We stayed with Psycho's parents last night and tonight. Tomorrow morning we will start our long long drive back down to the Sierras. A single rest day to do our "work" and then 1.5 days of driving. Sure, we won't be hiking, but it will not be fully restful.

Psycho's mother watched as we went through the process of drying gear, washing clothes, and preparing food for our last few legs. She commented that our "zero" days are not true rest days, because we have all sorts of town chores. We couldn't agree more, but that is the nature of the hike. We only have two more weeks of hiking, and then we'll be done.

We did find some time to relax. We ate pizza while enjoying a Duck football game.
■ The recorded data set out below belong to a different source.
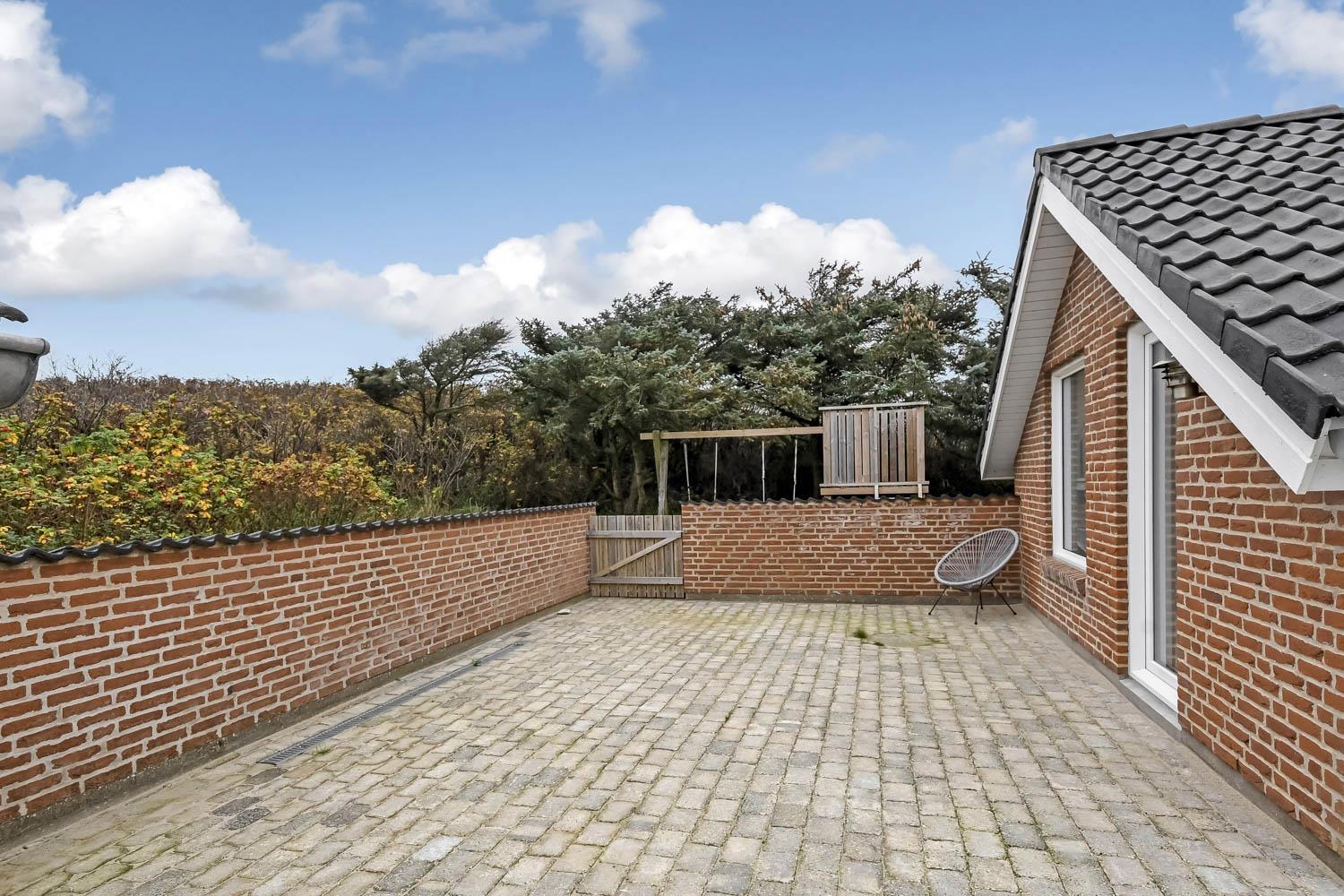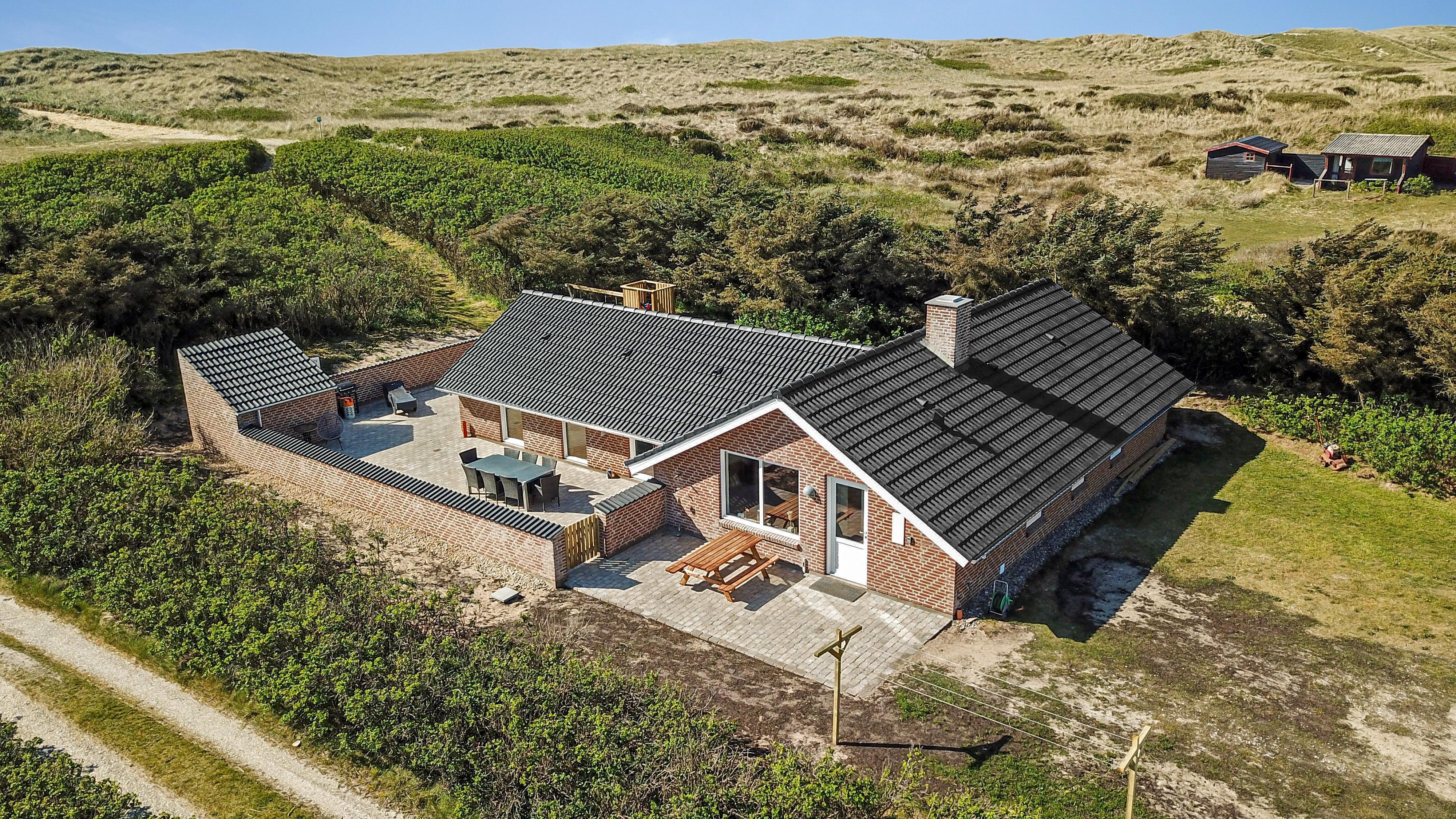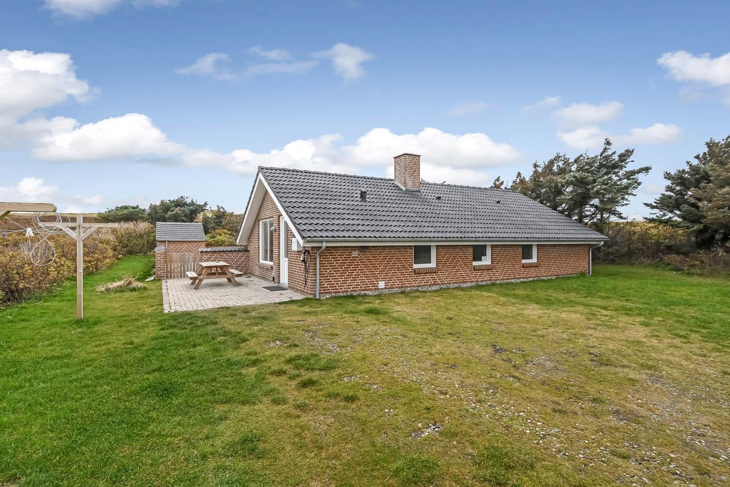Huset ligger på en 1.407 m² stor naturgrund for enden af en blind vej – direkte op til klitterne. Fra haven er der privat sti til stranden og en stor, indhegnet terrasse med nye havemøbler, solvogne og gasgrill – ideelt til børnefamilier og gæster med hund. Her er også gynger, sandkasse og klatrestativ til børnene.
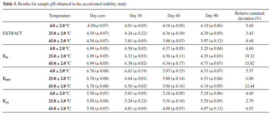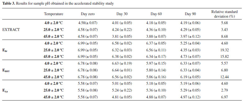The results obtained for the pH are shown in Table 3. According to these data, it can be observed that, at the temperatures studied, the formulations containing pomegranate bark extract showed less pH variation during the analysis. On the other hand, the EBr and EBHT formulations showed large variations in this parameter over time, with relative standard deviations higher than the values recommended by legislation,18 except for the sample kept at room temperature. Therefore, the formulation prepared in this study again showed greater stable than that containing an antioxidant currently widely in use (BHT).
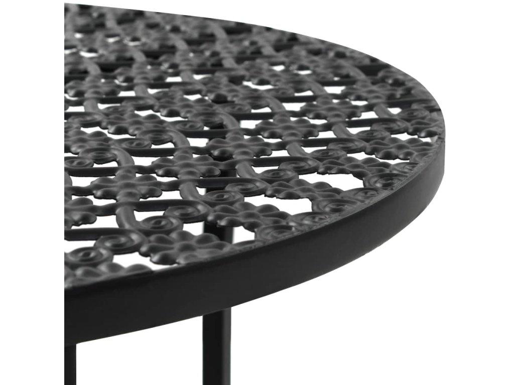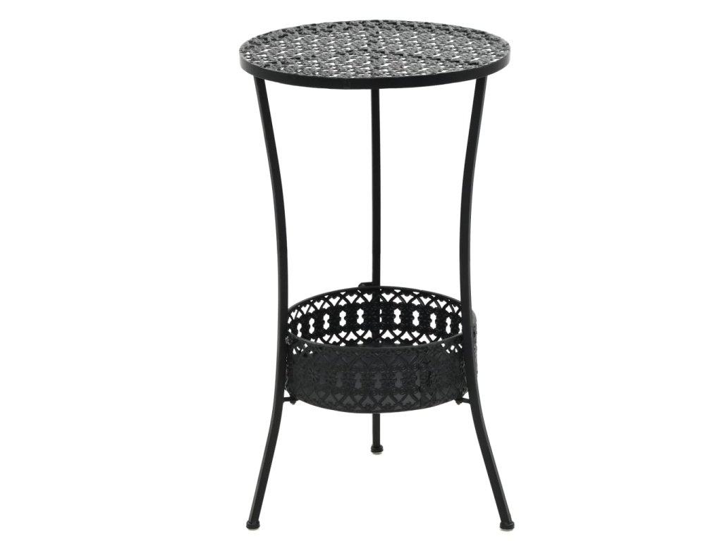 Tento kovový bistro stolek je zdoben krásnými ornamenty, které stolu propůjčují starožitný vzhled a upoutají pozornost v každém pokoji. Disponuje košíkem ve spodní části, který poskytuje dodatečný úložný prostor. Sestavení výrobku je snadné.
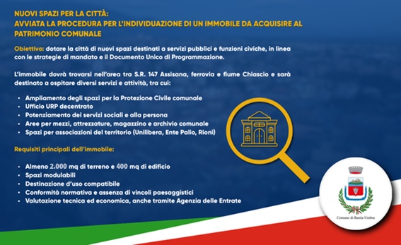 Come previsto dall’atto, l’Amministrazione intende reperire un immobile nell’area compresa tra la S.R. 147 Assisana, la linea ferroviaria e il fiume Chiascio, idoneo a ospitare diversi servizi comunali e funzioni civiche. Tra le destinazioni previste:
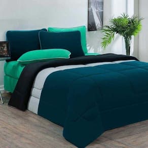 Marca: Enxovais Davy | Estampa: Não se Aplica | Medidas: 01 Edredom Solteiro Urbano 1,60m x 2,40m01 Fronha 70cm x 50cm | de Peças: 02 Peças | Material: Agodão | Cor Predominante: Azul Petroleo/Mescla/Preto | Cama Indicada: Solteiro
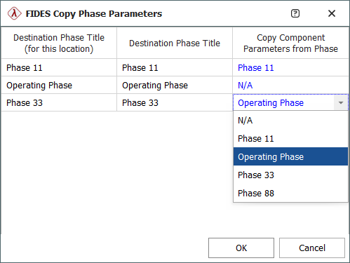 - If the destination location has no phases assigned to it, the FIDES Copy Phase Parameters window will not appear and no phase-specific parameters will be copied with the components.
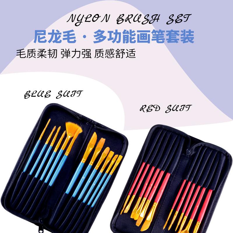 (Blue) 12 oil brush kit, (Red) 12 oil brush kit

The Oregon Ducks smashed on the Portland State Vikings (which was expected), running the score up to 69-0. They continue to average one point per minute of play, leading the nation in most points earned in the season.

We have been trying to eat a great deal of food, to rebalance our depleting bodies, but we can't keep up. Psycho has lost roughly 35lbs since the beginning of the trail. Apricots continues to complain that she isn't losing any weight (except the initial ten), but it is visibly apparent that she is becoming a well oiled machine of muscular pistons that push her over passes, down valleys, and through forests with simplistic ease.

Tomorrow morning we will drive most of the way back to the trail. We are very thankful that Psycho's parents are helping us get back down for the final chapter of this epic adventure.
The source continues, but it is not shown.